# Sturdy Click Syndicate Team do you want feedback on Shuji Rom?



## Justifi (Aug 6, 2011)

First of all I am brand spanking new to flashing roms and I really like yours. I understand that this is a work in progress.

Are you guys open to request? Sensei started the thread that introduced Shuji and people have certainly been giving feedback. I don't know if you keep up with thread or not. Sensei did respond a few times on that thread.

I thought, I would start a wish list thread. You might already have some of these on your to do list. I'm wishing and hoping for sooner than later.

1) Please stabilize bluetooth. It's better than Apex in this respect. For no apparent reasons the bluetooth will go off, yet it says it's still connected. When this happens, the bluetooth button becomes grayed out.

2) The music app won't shut off the music once activated.

3) The google map issues which people have been discussing on the original Shuji thread.

Thanks!

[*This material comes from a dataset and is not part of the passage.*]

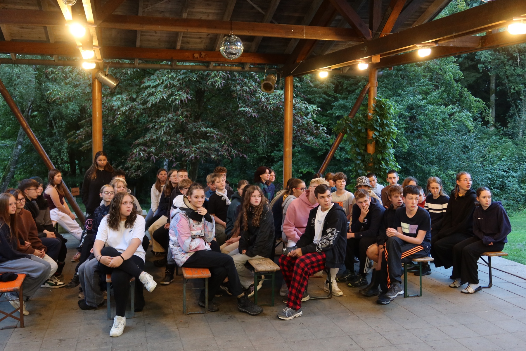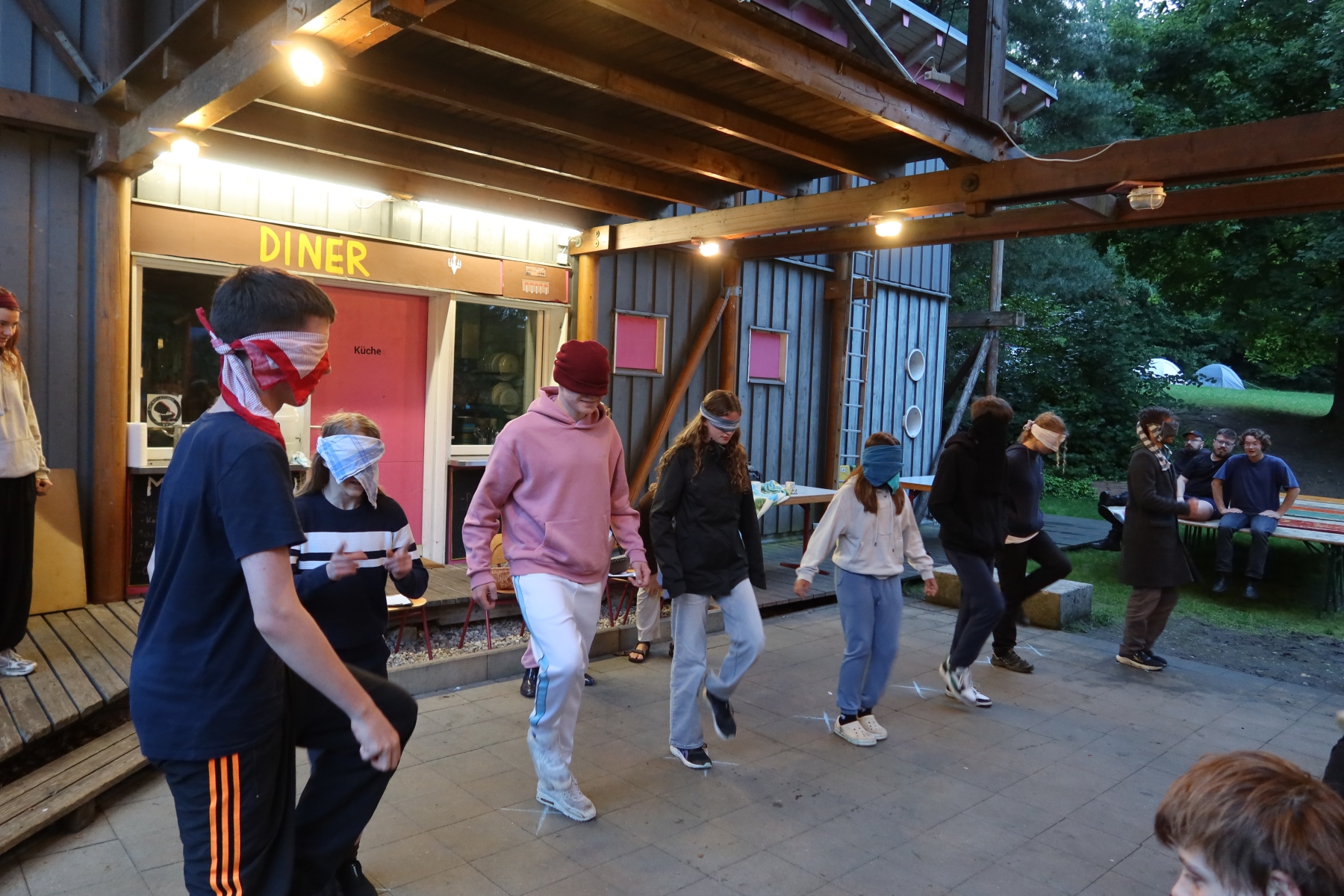 Večer jsme si užili trošku odlehčené zábavy během několika akčních her a těšili jsme se, kdo nakonec vyhraje. Dokonce se k nám přidal i tým místních obyvatel. Už jsme byli ve finále večera a čekali jsme, komu se připíše poslední bod, a tím i vyhraje. Když tu se najednou objevila jedna z místních obyvatelek v doprovodu dvou ozbrojených maskovaných společníků. Bezostyšně uplatili zapisovatelku bodů, a tím vyhráli, tudíž si mohli i vybrat neziskovou organizaci, které získané peníze z burzy věnujeme. Vybrali si Organizaci Nerv, o které jsme dosud nikdy neslyšeli.

I'm really rooting for this rom!


----------



## razorloves (Jun 7, 2011)

thread moved. please only post dev work in the droid x development subforum. thank you.


----------



## salem (Jun 16, 2011)

Can't speak of the first two, as I don't use bluetooth and use PowerAmp for music. However, the google map issue is nothing. Just accept the permissions. Works fine afterwards... I haven't had problems. 
Overall, this is a great rom. I have no intention of going back to cm7 or miui.


----------



## Returner (Jun 7, 2011)

If we could see AOSP lockscreen on this I would be a very happy man


----------



## cubsfan187 (Jul 17, 2011)

If the custom ringtones worked I would have stayed on this longer. That was another little bug that a few people had and there was no fix. It seemed like it was hit or miss on them working. Otherwise, it was a great running rom!


----------



## xrevx (Jul 16, 2011)

"cubsfan187 said:


> If the custom ringtones worked I would have stayed on this longer. That was another little bug that a few people had and there was no fix. It seemed like it was hit or miss on them working. Otherwise, it was a great running rom!


Didn't know about the ringtones. Ill see what I can do about that.


----------



## Total.telecom (Aug 27, 2011)

I just flashed 2.5 about a week ago. The ROM performed better after a few days and seemed to get faster. I liked that!

1. Im having Bluetooth problems when turning the volume up in a call and then i have to reboot to get the Bluetooth to connect. When i turn the Bluetooth volume up on the phone the call ends and Bluetooth no longer works.

2. When taking a picture i cant click on the picture in the corner of the screen and go to gallery, it says gallery not installed

3. when in pictures and want to share one i cant scroll through the sharable applications, which stinks because i want to send them via text most often.


----------